Several years ago, when we first started theorizing around hybrid cloud, it was clear that to do our definition of hybrid cloud properly, you needed to have a fast, low latency connection between your private cloud and the public clouds you where using. After talking to major enterprise customers we theorized five cases where this type of arrangement made sense, and actually accelerated cloud adoption.

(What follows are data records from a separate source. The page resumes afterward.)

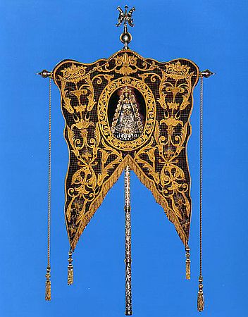 En 1961 finaliza en los talleres del convento de religiosas del Servicio Doméstico, de Jerez de la Frontera, la confección del Simpecado, bordado en oro sobre terciopelo de Lyon de color morado. En el centro, rodeada de un óvalo de amplia cenefa, la imagen de la Virgen y el Niño, realizada en plata de ley por el orfebre Eduardo Seco.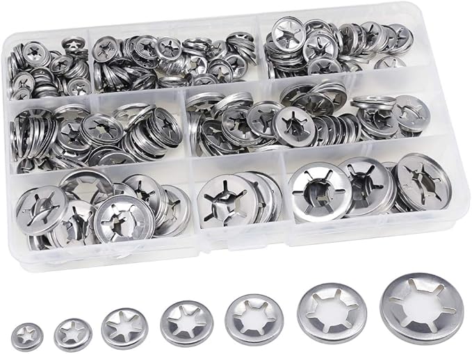 È facile da installare, durevole e non si deforma. Facile da installare: basta posizionare il disco interno o il disco stellare sulla vite o sul bullone e serrare di nuovo. FOMGIIN 40 rondelle Starlock M6 , dentata interna, rondella in acciaio inox , anelli di sicurezza in argento, rondelle Starlock Contenuto della confezione: 10 rondelle Starlock in acciaio inox 304 M6 x 16. Materiali di alta qualità: l'anello di sicurezza interno è realizzato in acciaio inossidabile 304 A2 di alta qualità con bordi lisci, resistente alla corrosione, senza sbavature, resistenza alle alte e basse temperature, non arrugginisce facilmente e può essere utilizzato all'aperto e in ambienti umidi. Materiale: acciaio inox 304 A2. Dimensioni: M3 / M4 / M5 / M6 / M8 / M10 / M12. Quantità: 10 pezzi/40 pezzi. Ampia applicazione: i dischi di sicurezza a stella sono ampiamente utilizzati per smorzare le vibrazioni e il fissaggio in mobili, automobili, tosaerba, camper, dispositivi elettronici, attrezzature sportive, barche, magazzini e produzione industriale. Il design dentato o a forma di stella blocca l'elemento di fissaggio e impedisce che si stacchi con il tempo. L'anello di sicurezza interno per ingranaggi è realizzato in acciaio inossidabile 304 A2 di alta qualità con bordi lisci, resistenza alla corrosione, senza sbavature, resistenza alle alte e basse temperature, non facile da arrugginire e può essere utilizzato all'aperto e in ambienti umidi. Il design dentato o a forma di stella blocca il dispositivo di fissaggio e impedisce che si stacchi nel tempo. Basta posizionare il disco interno o il disco a stella sulla vite o sul bullone e serrare di nuovo. Rondelle Antivibrazione Inox Spingere I Dadi E Le Rondelle Starlock Di Bloccaggio Della Velocità Ring Sicurezza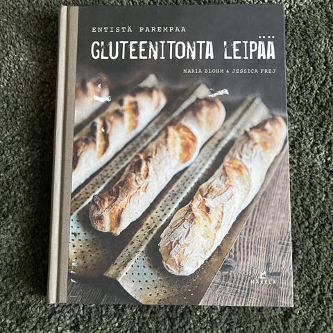 Kaksi gluteenittomaan leivontaan keskittyvää kirjaa. Ensimmäinen kirja nimeltään 'Gluteenitonta, kiitos!' sisältää erilaisia gluteenittomia reseptejä, kuten leivonnaisia ja leipiä. Toinen kirja on nimeltään 'Gluteeniton leivonta' ja se sisältää ohjeita gluteenittomien leipien valmistukseen. Kirjat tarjoavat tietoa ja reseptejä gluteenittomaan ruokavalioon soveltuvasta leivonnasta. Sisään on kirjoitettu myös oma resepti. 10,00 per kpl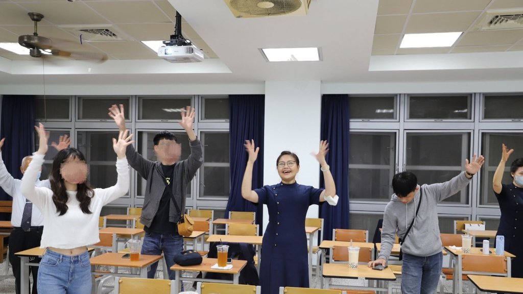 林嘉俐到大學擔任志工媽媽,與學生同樂互動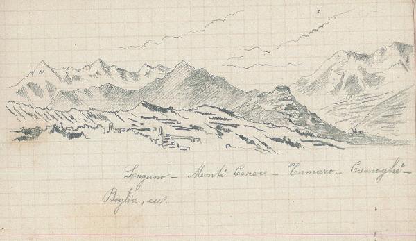 - NOTIZIE STORICO CRITICHE Serie di disegni conservati all'interno di un taccuino da viaggio posseduto dall'artista Camillo Ghisi\nSchizzo a matita raffigurante la città di Lugano e sullo sfondo i Monti Conere,Tamaro, Camoghè e Boglia, ecc.

  1. Moving workloads but not data - If you expected to move workloads between cloud providers, and between public and private to take advantage of capacity and price moves, moving the workloads quickly and efficiently meant, in some cases, not moving the data.
  2. Regulatory and Compliance Reasons - For regulatory and compliance reasons, say the data is sensitive and must remain under corporate physical ownership wile at rest, but you still want to use the cloud for apps around that data (including possible front ending it).
  3. Application Support - A case where you have a core application that can’t move to cloud due to support requirements (EPIC Health is an example of this type of application), but you have other surround applications that can move to cloud, but need a fast, low latency connection back to this main application.
  4. Technical Compatibility  - A case where there is a technical requirement, say you need real time storage replication to a DR site, or very high IOPS, and Azure can’t for one reason or another handle the scenario, in this case that data can be placed on a traditional storage infrastructure and presented to the cloud over the high bandwidth low latency connection.
  5. Cost – There are some workloads which today are significantly more expensive to run in cloud then on existing large on premise servers. These are mostly very large compute platforms that scale up rather then out. Especially in cases where a customer already owns this type of equipment and it isn't fully depreciated. Again, it may make sense to run surround systems in public cloud that run on commodity two socket boxes, wile retaining the large 4 socket, high memory instances until fully depreciated.

 

All of these scenarios require a low latency high bandwidth connection to the cloud, as well as a solid connection back to the corporate network. In these cases you have a couple options for getting this type of connection.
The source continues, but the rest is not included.